§ **Input data**
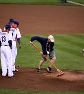 2013.03.20 11: 45비에 젖은 마운드를 정리하는 진행요원
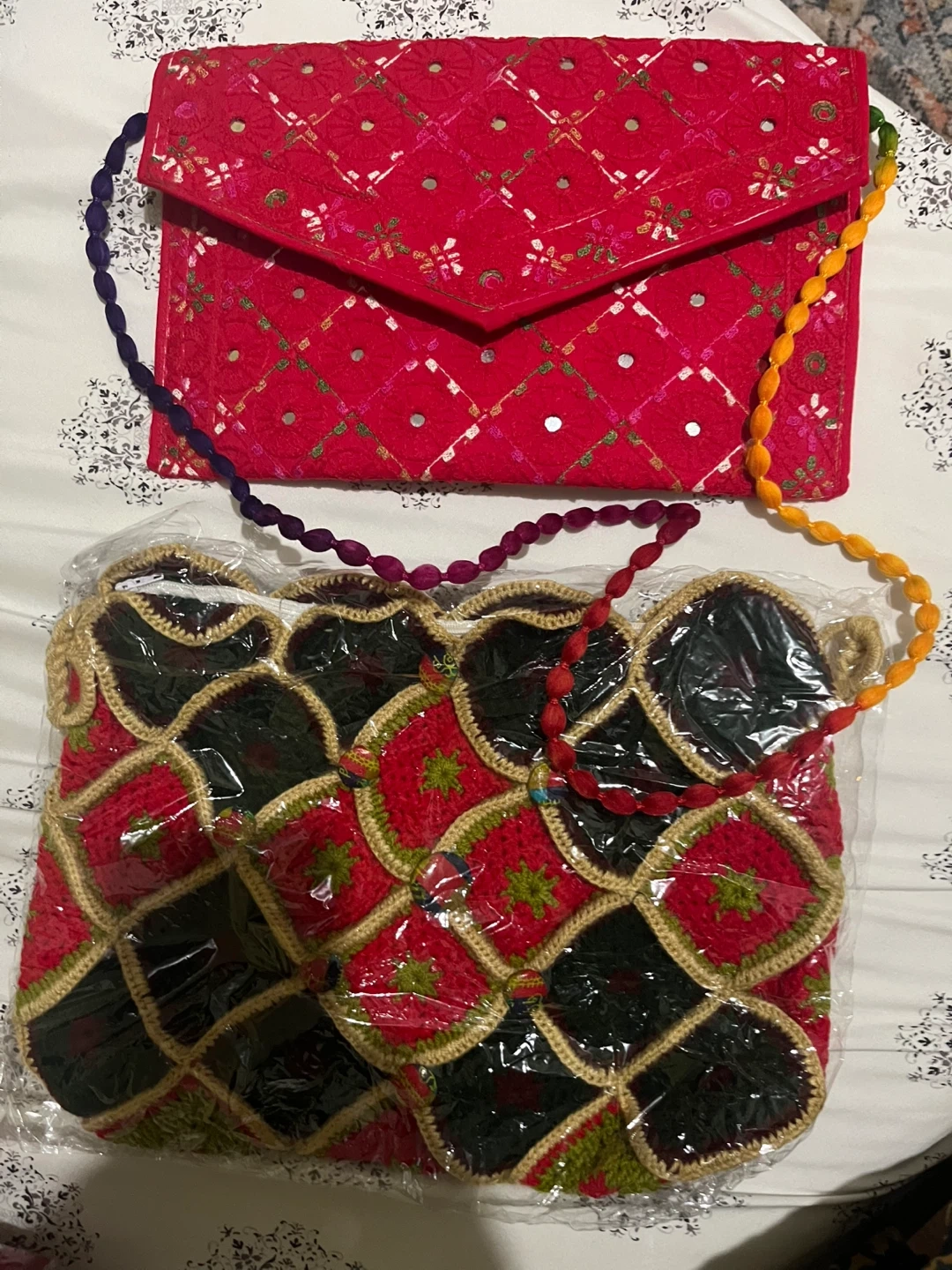 Selling a unique set of handmade bags! Includes a vibrant red embroidered clutch with mirror details and a colourful strap. Also comes with a red and black crochet bag, still in its original packaging. Perfect for adding a pop of colour to any outfit! $50 for both
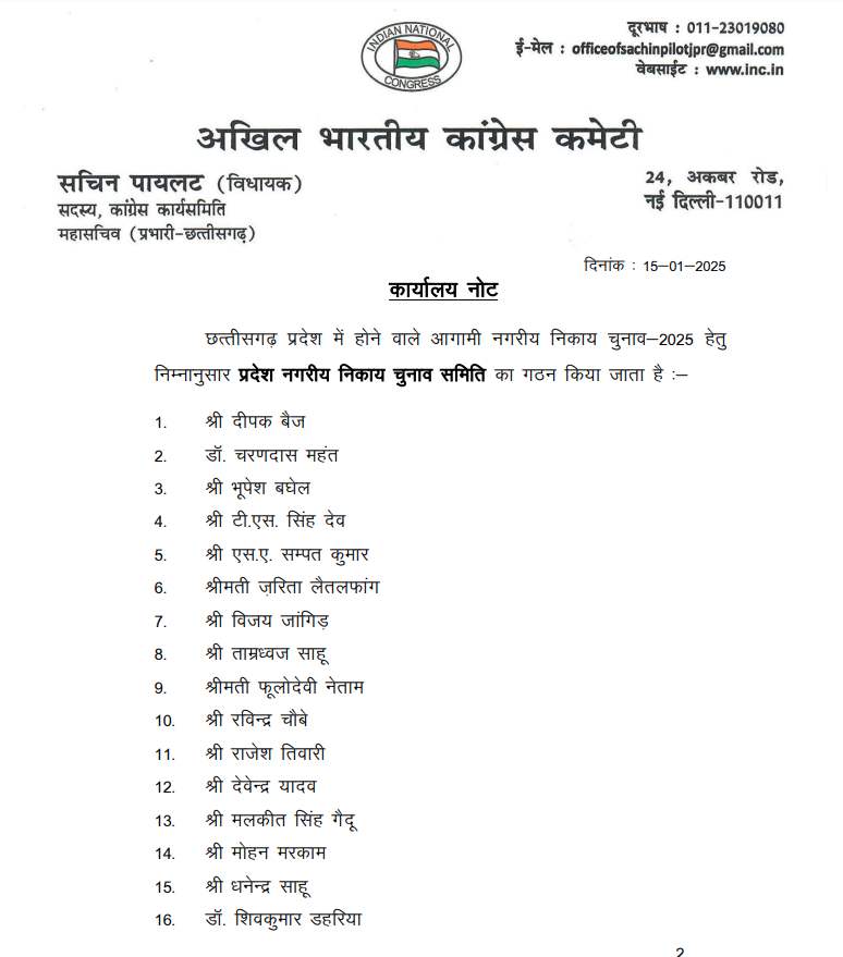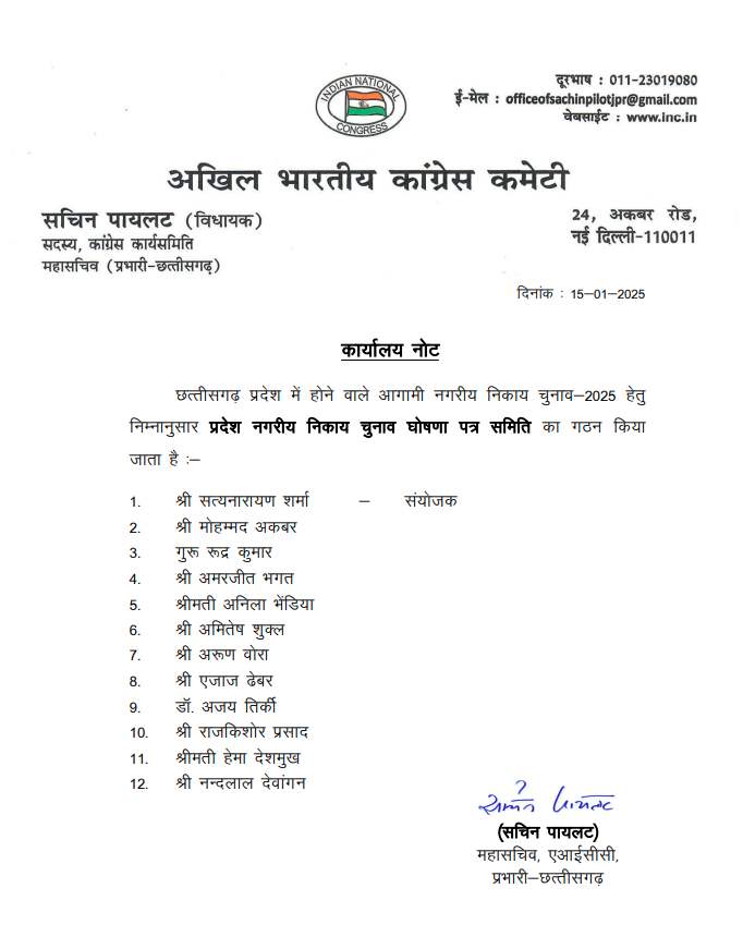 रायपुर। छत्तीसगढ़ में आगामी नगरीय निकाय चुनाव 2025 की तैयारियों को लेकर कांग्रेस पार्टी ने अपनी चुनाव समिति और घोषणा-पत्र समिति का गठन किया है. इस संबंध में आदेश छत्तीसगढ़ कांग्रेस प्रभारी सचिन पायलट ने जारी किया है.

§ **Work to complete**
When you repeat the material, keep every word exact and drop the pictures.

§ **Answer box**
 2013.03.20 11: 45비에 젖은 마운드를 정리하는 진행요원
 Selling a unique set of handmade bags! Includes a vibrant red embroidered clutch with mirror details and a colourful strap. Also comes with a red and black crochet bag, still in its original packaging. Perfect for adding a pop of colour to any outfit! $50 for both
 रायपुर। छत्तीसगढ़ में आगामी नगरीय निकाय चुनाव 2025 की तैयारियों को लेकर कांग्रेस पार्टी ने अपनी चुनाव समिति और घोषणा-पत्र समिति का गठन किया है. इस संबंध में आदेश छत्तीसगढ़ कांग्रेस प्रभारी सचिन पायलट ने जारी किया है.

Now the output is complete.